Deol and Kapur, on their part, do well not to let the inconsistencies swirling around them adversely affect their performances. The camerawork by director of photography Bradley J. Struckel is strikingly fluid. But the show, created, written and directed by Shailender Vyas, swims in shallow waters.

JL50 is far too enamoured of its own arduous strangeness for its own good. What it needed, in order to keep the audience invested in the weirdly wired time-travel fantasy, was a script capable of sending out coherent signals all through its flight path.

After a brief prelude in which a shadow of an aircraft skims across a high-altitude football ground before crashing off-camera, the show shuttles between Kolkata, where the story begins, and Calcutta, where it culminates, and spins a yarn that is more facile fiction than solid science.

Only two of 40 people on board the ill-fated plane survive. One of the them is the pilot, a young woman (Ritika Anand); the other is a mysterious man who had no business to be in the cockpit when the aircraft went down. Both have stories rooted in the past.

CBI officer Shantanu (Deol) is deployed to get to the bottom of the mystery. The probe leads him to Professor Subrata Das (Kapur), a quantum physicist who has a secret up his sleeve and pronounces 'but' with the vowel sound elongated to tell us (in the most superficial manner imaginable) how Bengali he is.

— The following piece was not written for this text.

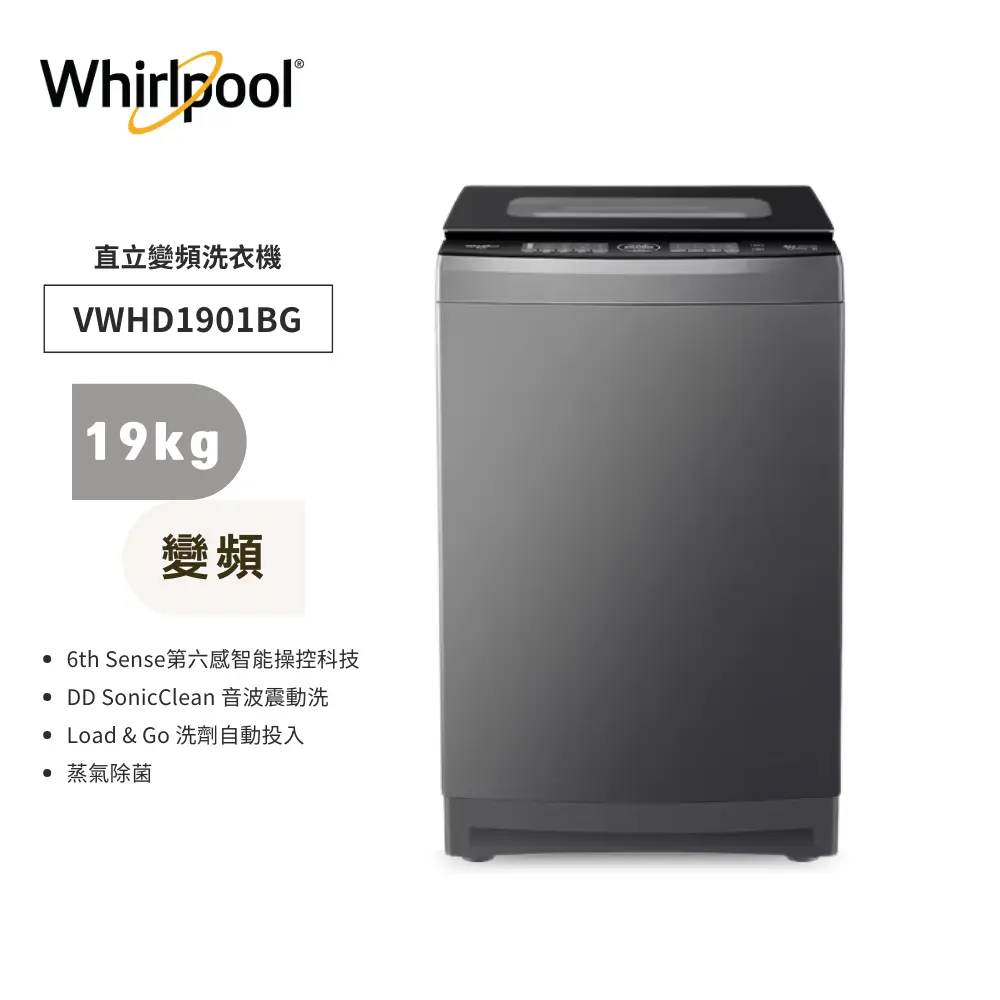 【Whirlpool 惠而浦】SonicClean 19公斤直驅變頻直立洗衣機VWHD1901BG

There are allusions to a movement for the liberation of Bengal (well, well!) and a befuddling scientific formula first thought up in 623 BCE (during the reign of Emperor Ashoka, no less!). Once the line between the past (distant and not-so-distant) and the present is erased, the show goes into a tailspin.

It does not do justice to the inspiration that it draws, if at all, from a pantheon that includes Satyajit Ray's Professor Shonku, an inventor who appeared in 40 adventures from the 1960s until the filmmaker's death; Premendra Mitra's Ghanada, a teller of tall tales who had children agog with his stories of imaginary inventions and 'scientific' breakthroughs; and Adrish Bardhan's Professor Nutboltu Chakro (which translates to "a ring of nuts and bolts"). Neither Prof. Subrata Das nor his crabby mentor Biswajit Chandra Mitra (Piyush Mishra) are a patch on the aforementioned fictional figures.

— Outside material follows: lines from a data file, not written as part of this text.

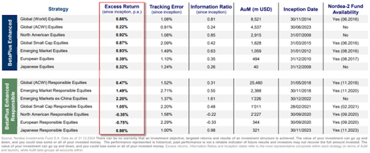 Nordea BetaPlus wurde bereits 2009 lanciert. Die Produktlinie ist eine Antwort auf passives Anlegen und bietet das Beste aus der Welt der passiven und der aktiven Anlagen. Im Unterschied zu klassischen Indexfonds bilden BetaPlus-Strategien nicht nur eins zu eins einen Vergleichsindex ab, sondern haben zum Ziel, eine Überrendite und damit Mehrwert für die Anleger zu erzielen. Gleichzeitig wird das aktive Risiko durch den angestrebten Tracking Error von 1 Prozent2 tief gehalten.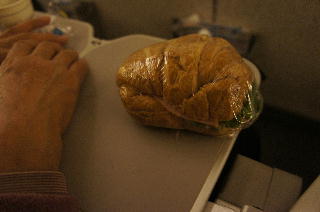 クオフ。クリスマス休暇のため、発着する便が混雑し、遅れた。羽田着が5時40分の予定。機体はB777-200で約400人搭乗定員。夜食としてサンドイッチ。飲み物は白ワインをい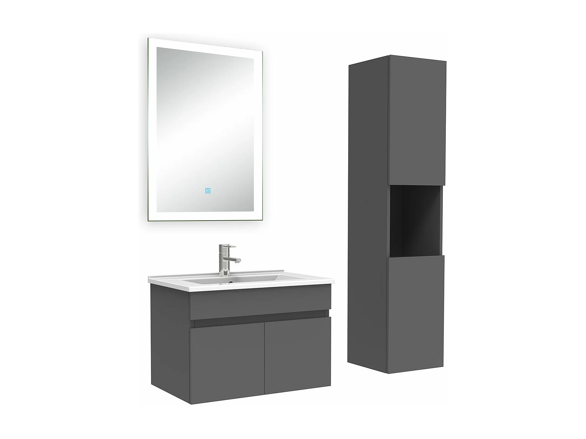 Ensemble meuble Salle de Bain 60cm avec vasque + colonne + miroir lumineux dimmable anthracite

Since the characters created by Ray and Mitra were targeted at young readers, they were benign gentlemen. Not so the men of science in JL50. At least one of them is not averse to manipulating his knowledge for personal aggrandizement. He is the bad guy. The other one, at first blush, gives the impression of being a voice of reason.

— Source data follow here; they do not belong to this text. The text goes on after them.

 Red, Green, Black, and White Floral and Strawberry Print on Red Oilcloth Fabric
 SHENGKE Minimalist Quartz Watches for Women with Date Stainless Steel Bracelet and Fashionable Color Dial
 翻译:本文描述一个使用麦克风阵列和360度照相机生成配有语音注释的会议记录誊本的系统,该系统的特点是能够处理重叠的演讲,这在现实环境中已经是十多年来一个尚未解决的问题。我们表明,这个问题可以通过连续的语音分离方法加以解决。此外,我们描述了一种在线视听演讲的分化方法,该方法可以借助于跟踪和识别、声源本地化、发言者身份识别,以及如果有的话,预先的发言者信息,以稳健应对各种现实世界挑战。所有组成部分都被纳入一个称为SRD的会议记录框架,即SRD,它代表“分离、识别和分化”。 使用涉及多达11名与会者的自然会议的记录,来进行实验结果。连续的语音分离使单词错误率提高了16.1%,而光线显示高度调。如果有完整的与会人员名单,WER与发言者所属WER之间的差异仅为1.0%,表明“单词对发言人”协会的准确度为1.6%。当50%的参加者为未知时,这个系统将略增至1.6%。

The past weighs heavy on the CBI agent individually as well. Besides a marriage gone sour, the sleuth is confronted with a demented scientist. The calm investigator is told that his bete noire's dimaag (brain) is gold but his dil (heart) is stone.

The academician who guides the investigator through the maze contributes most to the confounding verbiage. He holds forth on the concept of spacetime and wormholes. The sleuth, appropriately non-plussed, agrees to go along with the older man because he has no choice left.

The lecturer, surprisingly and without warning, gets a startling opinion in edgeways. He tells Shantanu that the problem with us Indians is that we are so easily brainwashed that we can't see beyond the Hindu-Muslim and mandir-masjid discourse. That is why, he says, we fall prey to politics driven by andh-vishwas and fail to see the real advantages of possessing a scientific temper.

When we sight a celestial phenomenon in the sky, the lecturer explains, we look up with folded hands and turn it into a spectacle to demonstrate religious ardour. We do not ask questions, he concludes. The professor is spot-on. If only, the rest of JL50 was. The show, not half as sharp-witted as it thinks it is, does not stick to its rational pretentions long enough for it to take full effect.

Abhay Deol and Pankaj Kapur (the latter in particular) try very hard to keep a straight face through it all. As you can imagine, it isn't easy for them - or the audience.